In practice, though, we find that it’s not the obvious features that make a mess of our codebases: it’s the goop around the edge. It’s reporting, and permissions and workflows that touch a zillion objects.
Our example will be a typical notification requirement: when we can’t allocate an order because we’re out of stock, we should alert the buying team. They’ll go and fix the problem by buying more stock, and all will be well.
For a first version, our product owner says we can just send the alert by email.
Let’s see how our architecture holds up once we need to plug in some of the mundane stuff that makes up so much of our systems.
We’ll start by doing the simplest, most expeditious thing, and talk about why it’s exactly this kind of decision that leads us to Big Ball of Mud.

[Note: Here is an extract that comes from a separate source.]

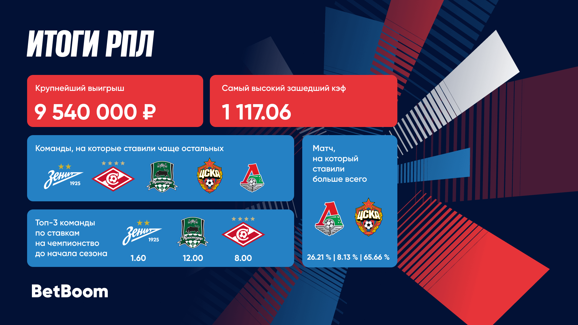 Главными претендентами на победу в чемпионате по мнению пользователей BetBoom стали «Зенит», «Краснодар» и «Спартак». Отметим, что из этой тройки победа команды Мусаева в РПЛ шла с самым высоким коэффициентом. BetBoom давал на чемпионство «Краснодар» кф 12, тогда как золото «Зенита» и «Спартака» были за 1.6 и 8 соответственно. Сезон получился довольно конкурентным – за 30 туров лидер чемпионата сменился восемь раз. Но главное противостояние в сезоне было между «Зенитом» и «Краснодаром». После шестого тура обе команды не покидали первую тройку таблицы, а по итогам сезона подопечные Мусаева выиграли чемпионство с разницей в одно очко.
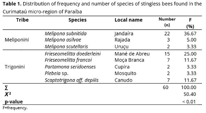 Sixty nests of stingless bees were found in four different municipalities of the Curimataú region of Paraíba (Araruna, Cacimba de Dentro, Damião, and Cuité). Bees (tribes Meliponini and Trigonini) corresponded to eight different species: Melipona subnitida Ducke, 1910, Melipona asilvae Moure, 1971 (Hymenoptera: Apidae), Melipona scutellaris Latreille, 1811 (Hymenoptera: Apidae), Frieseomelitta doederleini Friese, 1900 (Hymenoptera: Apidae), Frieseomelitta francoi Moure, 1946 (Hymenoptera: Apidae), Partamona seridoenses Pedro & Camargo, 2003 (Hymenoptera: Apidae), Plebeia sp., and Scaptotrigona aff. depilis Moure, 1942 (Hymenoptera: Apidae). The most frequent species was M. subnitida (36.67%), followed by F. doederleini (25%), and Frieseomelitta francoi Moure, 1946 (Hymenoptera, Apidae) and S. aff. depilis, both with 11.67% (Table 1). A study carried out in Serra da Capivara, PI,(39) also observed the occurrence of these species.

Then we’ll show how to use Domain Events to separate side-effects from our use cases, and how to build a simple Message Bus for triggering behaviour based on those events. We’ll show a few different options for creating those events and how to pass them to the message bus, and finally we’ll show how the Unit of Work can be modified to connect the two together elegantly.
[ditaa, message_bus_diagram] +----------+ +--------+ | | raises | Unit | | Domain |--events--> | of | | | | Work | +----------+ +--------+ | publishes events | V +----------------------+ | Message Bus | +----------------------+ | handles events | +-----------------+ +---> | Handlers |-+ +-----------------+ | + +-----------------+ | +-----------------+
So. Email alerts when we run out of stock. When we have a new requirement like this, that’s not really to do with the core domain, it’s all too easy to start dumping these things into our web controllers:
@app.route("/allocate", methods=['POST'])
def allocate_endpoint():
line = model.OrderLine(
request.json['orderid'],
request.json['sku'],
request.json['qty'],
)
try:
batchref = services.allocate(line, unit_of_work.start)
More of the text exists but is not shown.